Bevan withdrew his head from his father’s shoulder. Sir Dabber eponymously dabbed at his wet eyes with his expansive handkerchief.

“Papa, and you who are his friend—”

“The name is Trimmers.”

“Yes, I will in time learn all the names of those who presently live in this valley, which I have for so long occupied in imbecility and ignorance and darkness. Here is the thing that must be said; I have no reason not to believe Miss Wolf, and so you must believe her, too: the world moves forward. The world outside of Dingley Dell moves ever onward. It has always moved thusly. It is we who have remained trapped in a time gone by. It is an oppressively complicated business. There are dangers in this new world that must be addressed. Dangers to us. In time, Miss Wolf will tell us how we are to confront them. But all must be done with great care and caution. We are fragile, she says. We are the china and porcelain that sit protected upon a shelf but once withdrawn may break in a thousand different ways. She says that we are beautiful to behold but it is inevitable that some day we shall be pulled down from that shelf, for we have gathered too much dust there, have draped ourselves too much in the cobwebs of our suspended lives.”

“But here is a silver lining to it all,” said Sir Dabber through a wheeze, for the mould and must within the room were taxing his respiration. “My son has been returned to me! After ten years you and I are again truly united in mind and spirit, father and son. And I cannot help celebrating, even if it be in private fashion, my wonderful good fortune.”

Sir Dabber imprinted a kiss upon Bevan’s dingy forehead and struggled to rise. The tremendous gravity of what had been told, the shock of seeing his son without the splayed and stiff limbs, nor rocking back and forth, nor cawing like a rook — every aspect of the few preceding moments had weighed so heavily down upon him that he could hardly return himself to his feet. I rose quickly to take his arm when it appeared likely that he might topple over or faint away.

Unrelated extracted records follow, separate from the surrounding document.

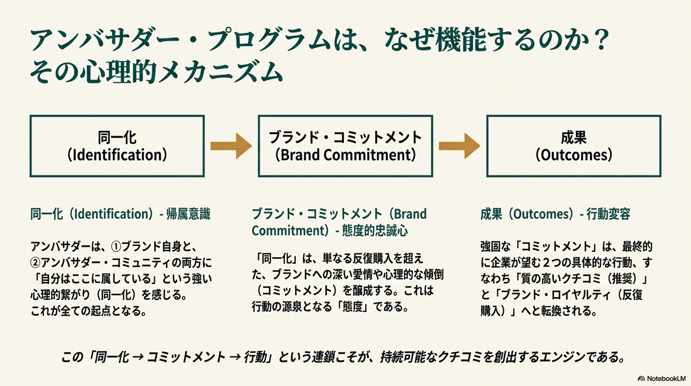 ブランド・コミュニティにおける同一化がメンバーのロイヤルティやクチコミに影響することは、先行研究でも指摘されていました。藤崎氏の貢献は、これを実務的なアンバサダー・プログラムの文脈で実証した点にあります。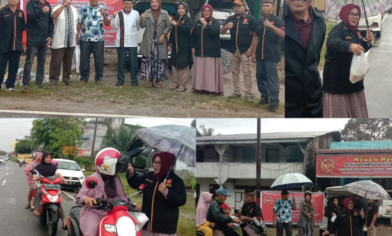 Amatan media BeritaNasional.ID,Meski di guyur hujan rintik-rintik tampak tidak sedikit pun menyurutkan semangat jajaran pengurus DPW Himpak untuk turun kejalan membagikan takjil.(MB)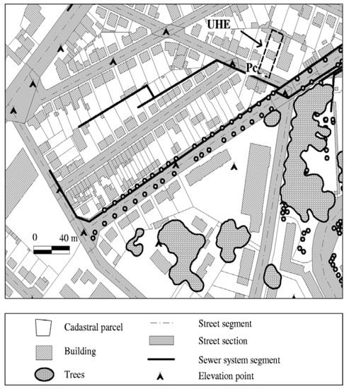 Catchment morphology is represented as a set of urban hydrological elements (UHE) connected to a hydrological network routing the flow toward the catchment outlet. The UHE includes a cadastral parcel and its neighboring street segments (Figure 1). The characteristics of the UHE are determined from common urban databanks consisting of surface area, impervious fraction, vegetation fraction, slope, length, location of connection point to the hydrological network, and the depth of the drainage network at this point. The hydrological network is composed of a series of connected street gutters and sewer conduits characterized by their length, slope and diameter [].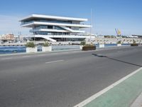 This is a photo of modern architecture in the city of Valencia, Spain. The image shows a clear sky and a view of the ocean. The cityscape features a road and a pier leading to the river. The modern buildings line the urban landscape, creating a unique and vibrant urban design. The infrastructure is well-developed, with a well-maintained road surface and a jetty for landing boats. With its beautiful harbor and Europe's influence, Valencia is a city that blends history and modernity seamlessly. This photo captures the essence of Valencia's architecture and urban charm.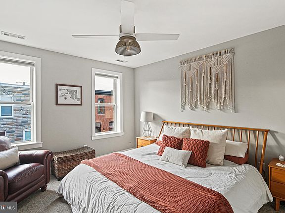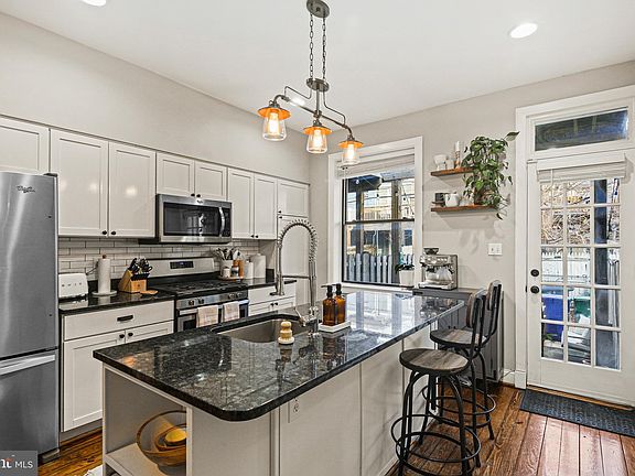 This Renovated, 3 Level, 3 Bedroom, 2 Full Bath Rowhome with a Parking Pad is located one block from Patterson Park! The High Ceiling, Large Windows, and Open Concept grab your Attention Immediately. Rustic Gleaming Hardwood Floors welcome you to the open & airy Main Level of the home. The Living room features a bright, painted brick accent wall, recessed lighting, ceiling fan, large windows, and transom window to let in plenty of natural light. Continue to the Dining Room and on to the Gourmet Kitchen featuring Stainless Steel appliances, Subway tile backsplash, Gas Cooking, Island with built in shelving, dishwasher, pendant lighting, Granite countertops and a Breakfast Bar. A French door leads you to the rear that is currently set up as a outdoor space perfect for entertaining family and friends, but can easily be converted back to a parking pad. Make your way to the Upper Level using the custom open stairway to find the Primary bedroom with carpeting, ceiling fan and a spacious wall closet. The Luxurious Upper-Level Full Bath features a tub-shower combination, tile surround, tile flooring and built-in shelving. Bedroom 2 is next with carpeting, and a French door to the deck. Enjoy your morning coffee or unwind in the evening with sunsets and views of the city. The Lower-level features Bedroom 3 with carpeting and a wall closet, Plus, another Full Bath with walk-in shower, tile flooring and built-in shelving. The Large Storage Area with laundry and mechanicals is also found in the lower level. This Home is located one block from “Baltimore’s Backyard” Patterson Park, with 155-acres of greenery, large trees, paved walkways, historic sites, playgrounds, athletic fields, a swimming pool, an ice-skating rink, the Historic Patterson Park observatory and the 2.5 acre lake featuring open water and wetland habitats for fish, waterfowl and songbirds. Additionally, you’re moments away from dining, breweries, and art galleries. Updates to this home include a newer Gas hot water heater and a rear door. Don’t Miss this Move-In Ready Home in the sought-after community of Patterson Park!

“Rest assured: we won’t betray your trust,” said I to Bevan, who remained upon the cot. Yet I dissembled. I had to tell Sheriff Muntle, and now all of the members of the delving Poetry League. They had every right and reason to know. These were important pieces for the mosaic they were putting together. But the young man must not be troubled on this account.

So I dissembled.

“You fear for the well-being of this young woman?” asked Sir Dabber of his son.

Bevan nodded. “Frightfully so.”

“Is it because you love her?”

Bevan smiled. “She has resurrected me.”

Now Bevan paused. “And she is beautiful.”

And finally, Bevan blushed.

I had now received the answer to at least one nagging question from that pivotal week: to whom had Ruth Wolf given her heart? And there he sat — a boy, several years younger than herself, fully dependent upon her, literally resurrected by her. Had she healed him because she loved him first, or did she come to love the man he became under her cure? These speculations made me feel guilty, intrusive. I backed away from them. I vowed to release Ruth Wolf from my heart to pursue this path she had wisely or unwisely chosen for herself. Indeed there was love here that no one had a right to judge or define — least of all Frederick Trimmers, for whom love in the abstract remained elusive and capricious.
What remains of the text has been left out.